Configuration for the Time-Aware Synthetic Control (TASC) estimator.

Implements the state-space model of Rho, Illick, Narasipura, Abadie, Hsu, and Misra (2026, arXiv:2601.03099) with EM learning (Kalman filter + RTS smoother on the E-step, closed-form MLE on the M-step) and Kalman-with- infinite-variance counterfactual inference.

alpha: float#
d: int#
diagonal_Q: bool#
diagonal_R: bool#
em_tol: float | None#
model_config: ClassVar[ConfigDict] = {'arbitrary_types_allowed': True, 'extra': 'forbid'}#

Configuration for the model, should be a dictionary conforming to [ConfigDict][pydantic.config.ConfigDict].

n_em_iter: int#
seed: int | None#

Helper Modules#

Data preparation and EM initialization helpers for TASC.

datautils.dataprep returns the wide outcome matrix in the (T, N) orientation (rows = time, columns = unit). The TASC paper works with Y in R^{N x T} (rows = unit, columns = time), so the wrappers in this module take care of the transpose once and only once.

mlsynth.utils.tasc_helpers.setup.initialize_parameters(Y_pre: ndarray, d: int, seed: int | None = None) TASCParameters#

Spectral initialization for the EM parameters.

Performs a thin SVD of Y_pre (N x T0) and uses the top-d left singular vectors as the initial observation matrix H. The initial latent trajectory is then the corresponding right singular vectors scaled by the singular values, from which a simple AR(1) least squares fit gives A. Q, R, P0 are seeded from the associated residual variances.

Parameters:
  • Y_pre (np.ndarray) – Pre-treatment outcome matrix of shape (N, T0).

  • d (int) – Hidden state dimension.

  • seed (int or None) – Reserved for tie-breaking; not currently consumed but retained for API symmetry with other estimators.

Returns:

TASCParameters – Initial theta_0.

mlsynth.utils.tasc_helpers.setup.prepare_tasc_inputs(df: DataFrame, outcome: str, unitid: str, time: str, treat: str) TASCInputs#

Run dataprep and reshape the result into the paper’s N x T layout.

Parameters:
  • df (pd.DataFrame) – Long balanced panel data.
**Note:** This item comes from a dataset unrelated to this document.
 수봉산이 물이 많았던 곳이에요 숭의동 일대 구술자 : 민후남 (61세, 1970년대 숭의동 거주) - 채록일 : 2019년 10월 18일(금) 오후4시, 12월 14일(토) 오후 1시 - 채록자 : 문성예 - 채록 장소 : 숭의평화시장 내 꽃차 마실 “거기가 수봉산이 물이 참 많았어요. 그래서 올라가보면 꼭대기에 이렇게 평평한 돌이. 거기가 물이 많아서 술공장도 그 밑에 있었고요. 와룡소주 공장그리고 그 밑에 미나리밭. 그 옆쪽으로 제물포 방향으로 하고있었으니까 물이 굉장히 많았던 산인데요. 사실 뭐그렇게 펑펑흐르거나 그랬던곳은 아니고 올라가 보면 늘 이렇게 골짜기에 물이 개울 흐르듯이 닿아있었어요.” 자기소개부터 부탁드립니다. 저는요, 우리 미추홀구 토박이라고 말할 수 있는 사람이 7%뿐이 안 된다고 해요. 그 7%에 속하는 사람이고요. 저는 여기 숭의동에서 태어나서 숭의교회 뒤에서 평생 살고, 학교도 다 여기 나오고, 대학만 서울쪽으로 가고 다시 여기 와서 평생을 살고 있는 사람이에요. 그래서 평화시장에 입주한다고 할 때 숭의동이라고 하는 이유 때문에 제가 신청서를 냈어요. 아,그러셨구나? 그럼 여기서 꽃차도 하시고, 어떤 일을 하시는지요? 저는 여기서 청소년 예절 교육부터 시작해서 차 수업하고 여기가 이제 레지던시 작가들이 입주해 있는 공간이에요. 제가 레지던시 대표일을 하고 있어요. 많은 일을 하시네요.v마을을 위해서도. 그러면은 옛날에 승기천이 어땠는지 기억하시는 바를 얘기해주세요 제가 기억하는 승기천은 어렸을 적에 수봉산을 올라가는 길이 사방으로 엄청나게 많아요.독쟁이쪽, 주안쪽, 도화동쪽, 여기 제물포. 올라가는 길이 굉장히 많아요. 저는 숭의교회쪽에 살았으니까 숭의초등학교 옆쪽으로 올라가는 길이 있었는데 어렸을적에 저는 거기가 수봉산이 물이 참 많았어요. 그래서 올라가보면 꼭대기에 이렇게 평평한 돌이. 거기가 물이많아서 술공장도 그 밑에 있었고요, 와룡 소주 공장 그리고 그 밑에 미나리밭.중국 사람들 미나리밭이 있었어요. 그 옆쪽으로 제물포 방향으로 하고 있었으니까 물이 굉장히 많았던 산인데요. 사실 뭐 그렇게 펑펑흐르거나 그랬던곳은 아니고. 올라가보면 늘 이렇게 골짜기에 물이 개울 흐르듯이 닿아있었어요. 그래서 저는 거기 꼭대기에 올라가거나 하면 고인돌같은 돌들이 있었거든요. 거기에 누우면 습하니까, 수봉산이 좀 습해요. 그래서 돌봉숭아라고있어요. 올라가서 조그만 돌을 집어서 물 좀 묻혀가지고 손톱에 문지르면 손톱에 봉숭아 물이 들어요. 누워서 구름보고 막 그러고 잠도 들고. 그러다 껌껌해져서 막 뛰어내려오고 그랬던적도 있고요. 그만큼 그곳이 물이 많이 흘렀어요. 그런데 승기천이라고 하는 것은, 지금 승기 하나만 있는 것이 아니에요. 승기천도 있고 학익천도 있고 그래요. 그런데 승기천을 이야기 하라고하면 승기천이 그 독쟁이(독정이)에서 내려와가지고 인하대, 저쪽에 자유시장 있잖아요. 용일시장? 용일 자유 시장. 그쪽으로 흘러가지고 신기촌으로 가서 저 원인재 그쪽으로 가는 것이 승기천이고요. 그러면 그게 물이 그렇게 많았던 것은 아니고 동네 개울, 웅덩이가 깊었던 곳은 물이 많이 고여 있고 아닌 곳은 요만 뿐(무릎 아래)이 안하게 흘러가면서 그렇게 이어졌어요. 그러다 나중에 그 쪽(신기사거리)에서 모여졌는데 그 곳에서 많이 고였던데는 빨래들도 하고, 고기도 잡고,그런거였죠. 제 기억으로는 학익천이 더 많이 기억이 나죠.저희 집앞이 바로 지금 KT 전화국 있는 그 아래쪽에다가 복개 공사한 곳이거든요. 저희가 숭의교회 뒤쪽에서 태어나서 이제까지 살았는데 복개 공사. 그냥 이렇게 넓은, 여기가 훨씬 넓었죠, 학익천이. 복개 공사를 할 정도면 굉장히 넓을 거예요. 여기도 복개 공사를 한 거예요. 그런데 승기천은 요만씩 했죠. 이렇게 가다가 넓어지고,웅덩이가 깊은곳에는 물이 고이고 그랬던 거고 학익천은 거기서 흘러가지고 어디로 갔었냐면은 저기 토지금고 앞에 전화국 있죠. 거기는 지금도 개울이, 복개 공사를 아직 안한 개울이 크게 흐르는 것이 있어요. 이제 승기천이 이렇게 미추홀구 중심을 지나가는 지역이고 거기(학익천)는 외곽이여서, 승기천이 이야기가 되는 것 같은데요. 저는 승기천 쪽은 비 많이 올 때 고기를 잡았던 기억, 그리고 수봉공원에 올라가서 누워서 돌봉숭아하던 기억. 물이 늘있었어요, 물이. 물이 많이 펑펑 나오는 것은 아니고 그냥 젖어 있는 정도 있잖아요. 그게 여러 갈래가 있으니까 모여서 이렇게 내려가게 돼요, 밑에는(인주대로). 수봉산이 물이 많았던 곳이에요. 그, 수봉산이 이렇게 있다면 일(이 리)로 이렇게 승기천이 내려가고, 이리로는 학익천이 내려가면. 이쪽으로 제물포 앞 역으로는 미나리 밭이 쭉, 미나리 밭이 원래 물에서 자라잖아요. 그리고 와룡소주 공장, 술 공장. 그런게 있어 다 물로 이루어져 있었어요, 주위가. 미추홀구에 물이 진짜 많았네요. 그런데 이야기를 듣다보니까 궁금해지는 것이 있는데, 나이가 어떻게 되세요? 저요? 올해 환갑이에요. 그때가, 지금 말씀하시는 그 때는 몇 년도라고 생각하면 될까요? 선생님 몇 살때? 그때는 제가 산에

  • outcome, unitid, time, treat (str) – Column names identifying the outcome, units, time periods, and the binary treatment indicator.

Returns:

TASCInputs – Pre / post matrices in (N, T) orientation along with metadata.

Kalman filter passes for TASC.

Implements Algorithm 4 (standard Kalman filter) and Algorithm 5 (Kalman filter with infinite observation-noise variance on the target row) from Rho, Illick, Narasipura, Abadie, Hsu, Misra (2026, arXiv:2601.03099).

The “infinite variance” trick (Sec 4.2) lets the post-treatment update use only the donor rows to refine the latent state, while the target row’s contribution to the Kalman gain is zeroed out by Schur complement.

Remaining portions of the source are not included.